### SUPPLIED RECORDS
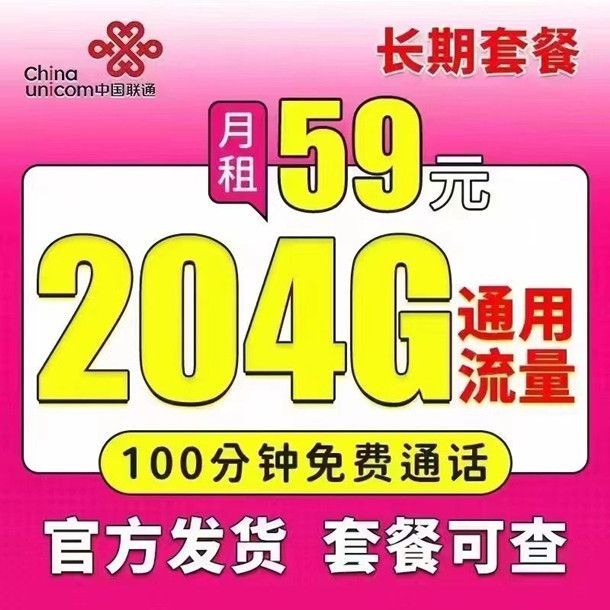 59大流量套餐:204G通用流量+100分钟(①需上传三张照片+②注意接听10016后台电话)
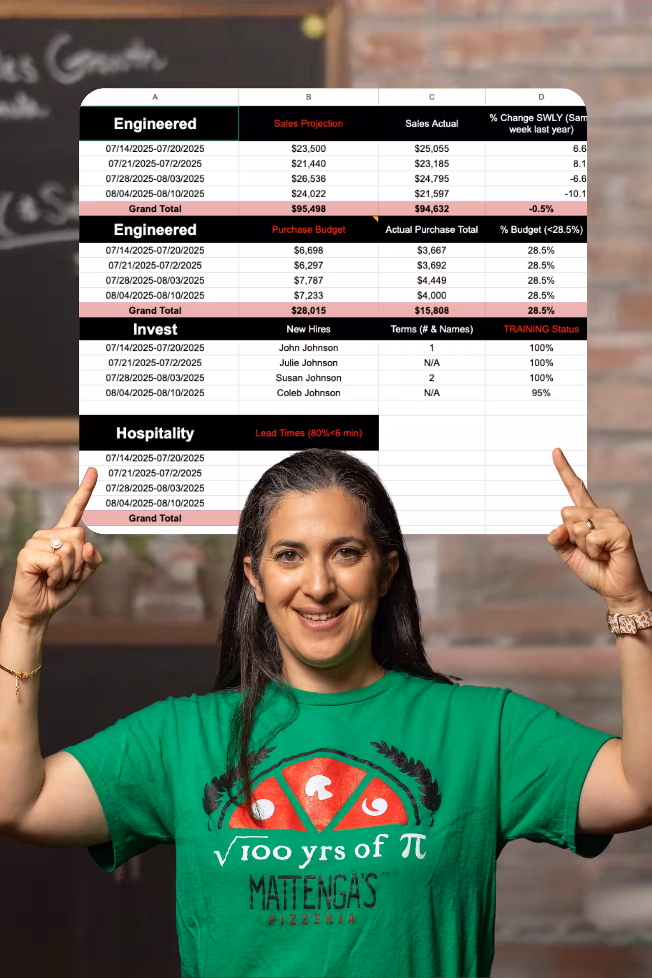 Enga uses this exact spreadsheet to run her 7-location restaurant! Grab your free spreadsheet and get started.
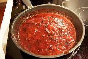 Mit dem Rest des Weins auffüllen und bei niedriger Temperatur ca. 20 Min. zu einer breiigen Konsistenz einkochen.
==
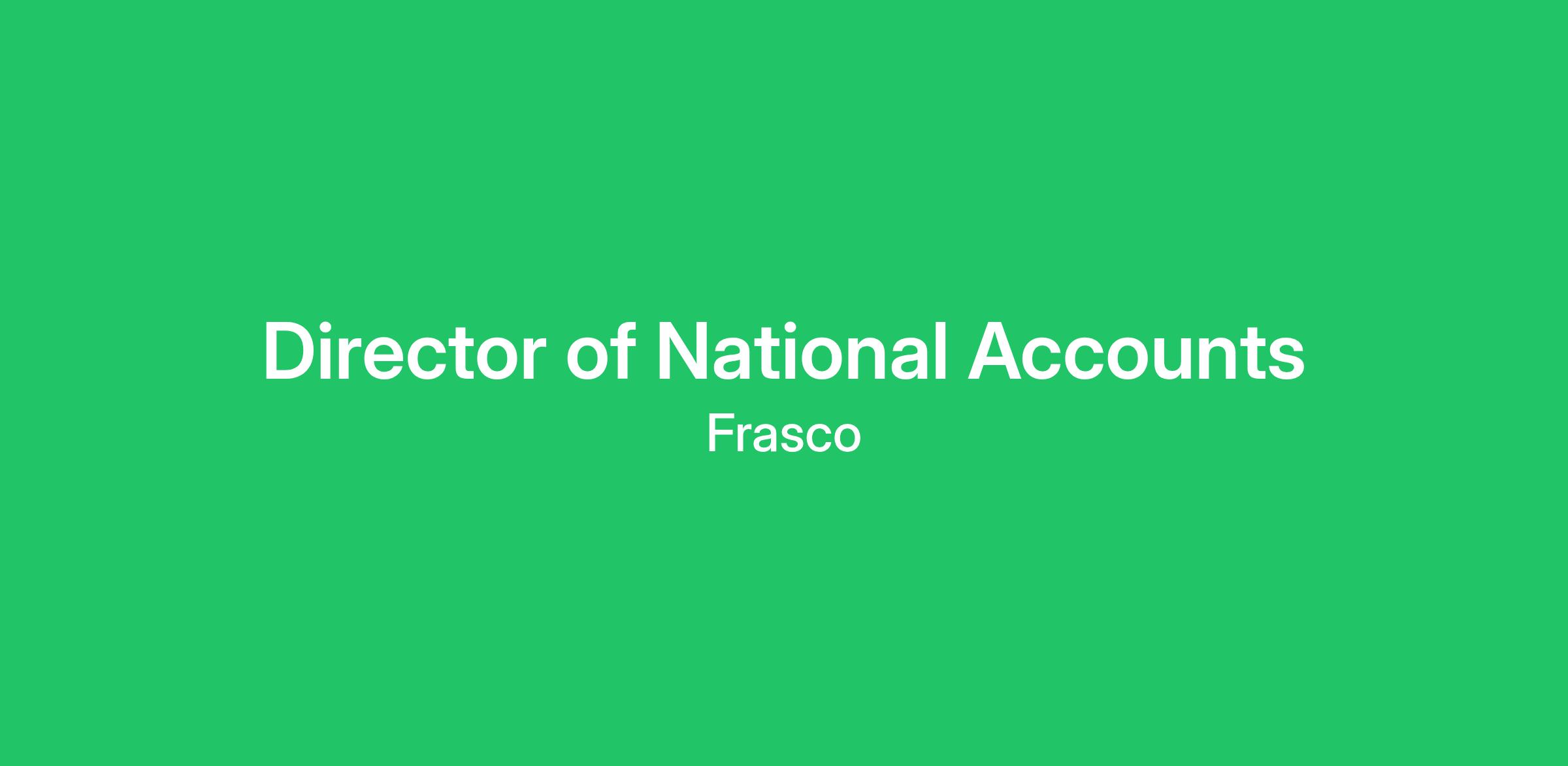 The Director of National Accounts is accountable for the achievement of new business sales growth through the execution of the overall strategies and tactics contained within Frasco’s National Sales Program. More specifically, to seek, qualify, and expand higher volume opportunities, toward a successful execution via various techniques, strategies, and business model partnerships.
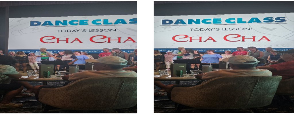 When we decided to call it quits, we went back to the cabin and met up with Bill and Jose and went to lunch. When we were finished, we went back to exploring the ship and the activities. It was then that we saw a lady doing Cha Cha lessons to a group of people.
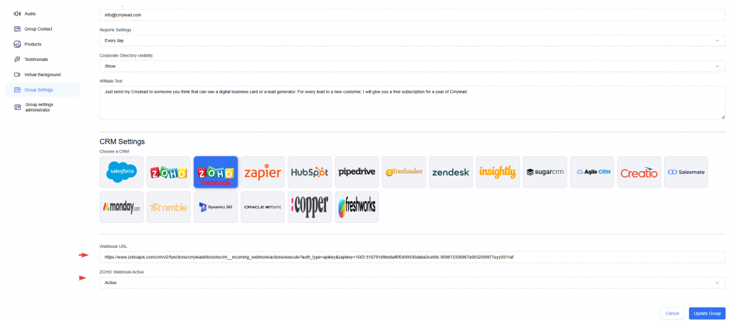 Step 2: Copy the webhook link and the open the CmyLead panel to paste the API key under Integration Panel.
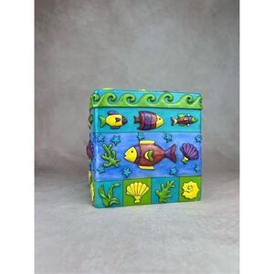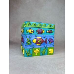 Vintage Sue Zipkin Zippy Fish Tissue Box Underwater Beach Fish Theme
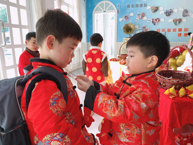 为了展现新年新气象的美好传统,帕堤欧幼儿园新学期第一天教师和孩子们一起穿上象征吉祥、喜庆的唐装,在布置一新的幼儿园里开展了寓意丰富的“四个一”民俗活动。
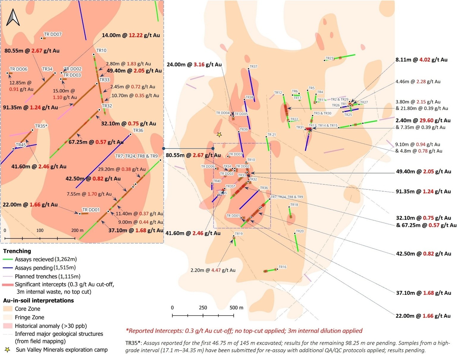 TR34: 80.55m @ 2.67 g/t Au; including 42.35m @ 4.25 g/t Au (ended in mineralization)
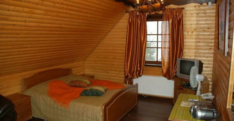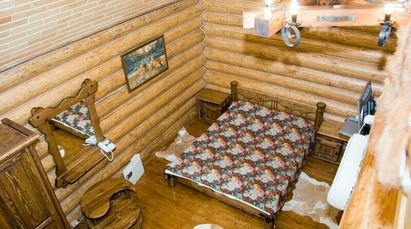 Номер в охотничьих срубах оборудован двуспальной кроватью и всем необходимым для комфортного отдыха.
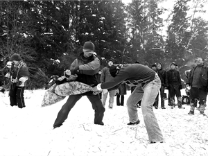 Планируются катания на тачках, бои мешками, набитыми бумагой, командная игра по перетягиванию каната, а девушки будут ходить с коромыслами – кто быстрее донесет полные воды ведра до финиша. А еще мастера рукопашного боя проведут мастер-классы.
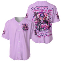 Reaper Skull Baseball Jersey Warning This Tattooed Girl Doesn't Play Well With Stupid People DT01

### INSTRUCTIONS TO FOLLOW
Go back to the listing above and reproduce, exactly, the stretch from the line bearing "59大流量套餐:204G通用" through the line bearing "Mit dem Rest", without its pictures.

### WRITTEN ANSWER
 59大流量套餐:204G通用流量+100分钟(①需上传三张照片+②注意接听10016后台电话)
 Enga uses this exact spreadsheet to run her 7-location restaurant! Grab your free spreadsheet and get started.
 Mit dem Rest des Weins auffüllen und bei niedriger Temperatur ca. 20 Min. zu einer breiigen Konsistenz einkochen.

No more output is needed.